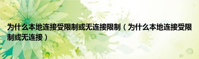 大家好,来宝来为大家解答以下问题,为什么本地连接受限制或无连接限制,为什么本地连接受限制或无连接很多人还不知道,今天让我们一起来看看吧!
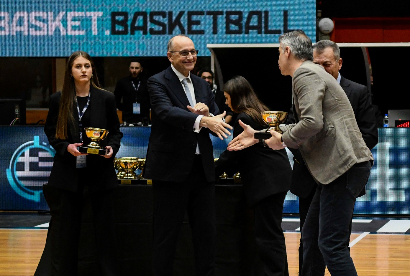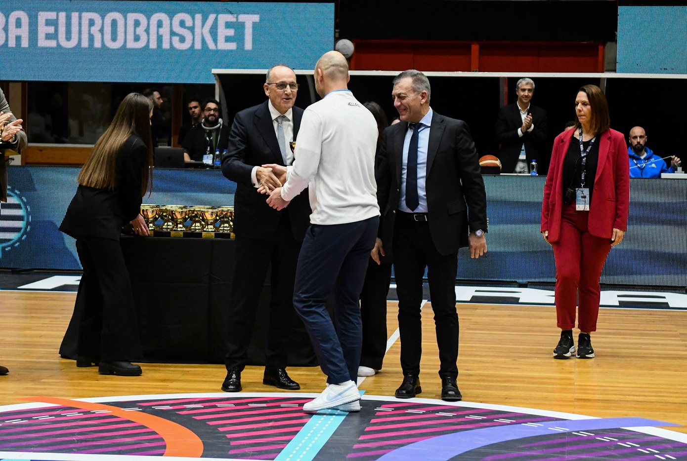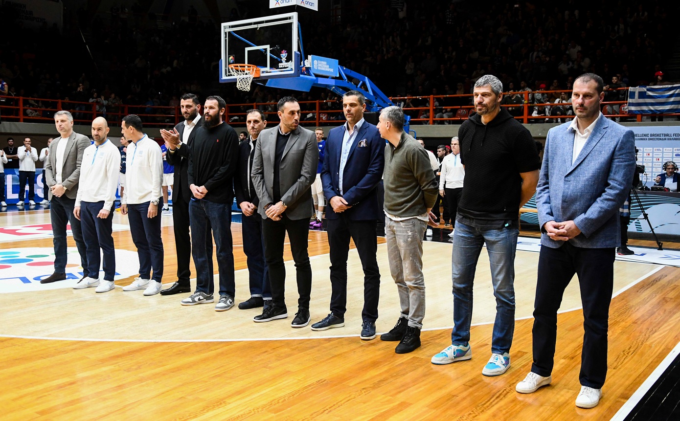 Τα μέλη της Εθνικής Ανδρών που κατέκτησαν τη νίκη στο Βελιγράδι το 2005 αποθεώθηκαν από το κοινό κατά τη διάρκεια του ημιχρόνου της αναμέτρησης Ελλάδας – Ολλανδίας στο κλειστό «Δ. Τόφαλος» στην Πάτρα, στο πλαίσιο της 6ης και τελευταίας αγωνιστικής των προκριματικών του Ευρωμπάσκετ 2025.
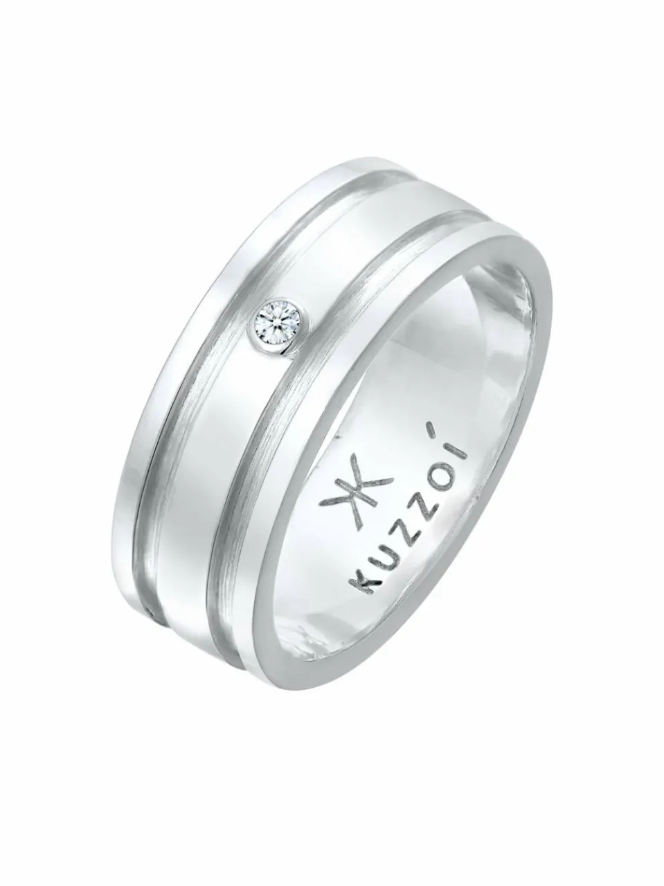 Dieser massive Bandring für den Mann, glänzt durch sein gradliniges Design. Als optisches Highlight durchbrechen zwei Streifen, die sonst so glatte Oberfläche. Darüber hinaus wird dieses Schmuckstück von einem Diamanten geziert. Das schlichte, aber auch durchaus auffällig Design ist ein markanter Blickfang. Ein stilvolles Accessoire das männliche Schmuckfans begeistert. Dieses exklusive Schmuckstück wird in einer eleganten Geschenk-Box geliefert.
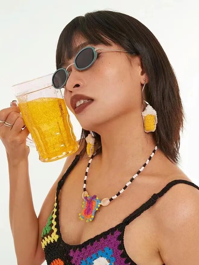 《啤酒》系列,是我断片第二天钩出来的,真的喝得太多了,太痛苦了。有一个笑脸,代表微醺的状态。我会戴着它们去喝酒,时不时警示一下自己,不要喝太多。
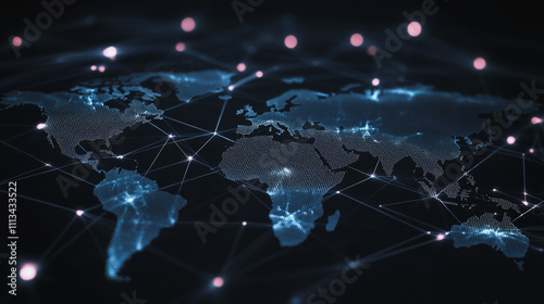 abstract business connection of line from nail node to node on world map background Innovation network points Earth's surface
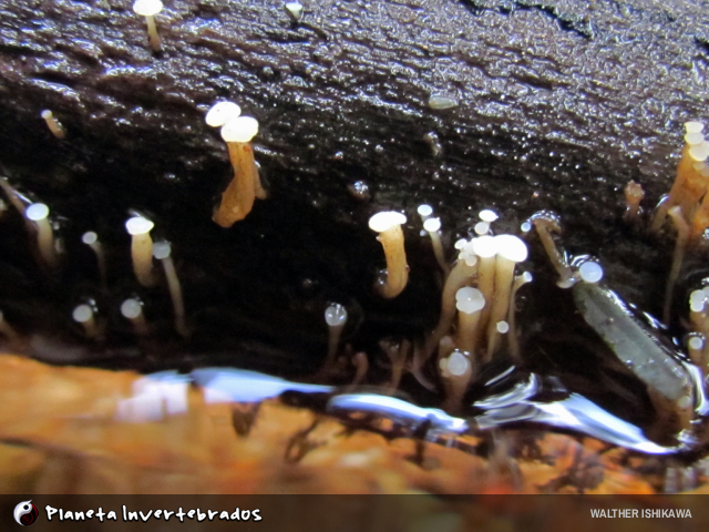 Cudoniella sp., fotografada em um tronco submerso na Serra do Japi, em Jundiái, SP. Fotos de Walther Ishikawa.
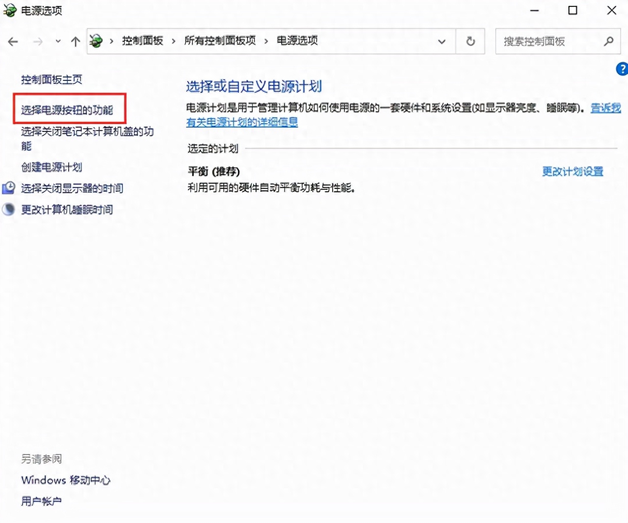 3、在电源选项界面左侧找到“选择电源按钮功能”;

» **Exercise description**
Begin at the first line of the data above and repeat each line exactly, stopping after the line containing "Cudoniella sp., fotografada". Omit the pictures.

» **Exercise output**
 大家好,来宝来为大家解答以下问题,为什么本地连接受限制或无连接限制,为什么本地连接受限制或无连接很多人还不知道,今天让我们一起来看看吧!
 Τα μέλη της Εθνικής Ανδρών που κατέκτησαν τη νίκη στο Βελιγράδι το 2005 αποθεώθηκαν από το κοινό κατά τη διάρκεια του ημιχρόνου της αναμέτρησης Ελλάδας – Ολλανδίας στο κλειστό «Δ. Τόφαλος» στην Πάτρα, στο πλαίσιο της 6ης και τελευταίας αγωνιστικής των προκριματικών του Ευρωμπάσκετ 2025.
 Dieser massive Bandring für den Mann, glänzt durch sein gradliniges Design. Als optisches Highlight durchbrechen zwei Streifen, die sonst so glatte Oberfläche. Darüber hinaus wird dieses Schmuckstück von einem Diamanten geziert. Das schlichte, aber auch durchaus auffällig Design ist ein markanter Blickfang. Ein stilvolles Accessoire das männliche Schmuckfans begeistert. Dieses exklusive Schmuckstück wird in einer eleganten Geschenk-Box geliefert.
 《啤酒》系列,是我断片第二天钩出来的,真的喝得太多了,太痛苦了。有一个笑脸,代表微醺的状态。我会戴着它们去喝酒,时不时警示一下自己,不要喝太多。
 abstract business connection of line from nail node to node on world map background Innovation network points Earth's surface
 Cudoniella sp., fotografada em um tronco submerso na Serra do Japi, em Jundiái, SP. Fotos de Walther Ishikawa.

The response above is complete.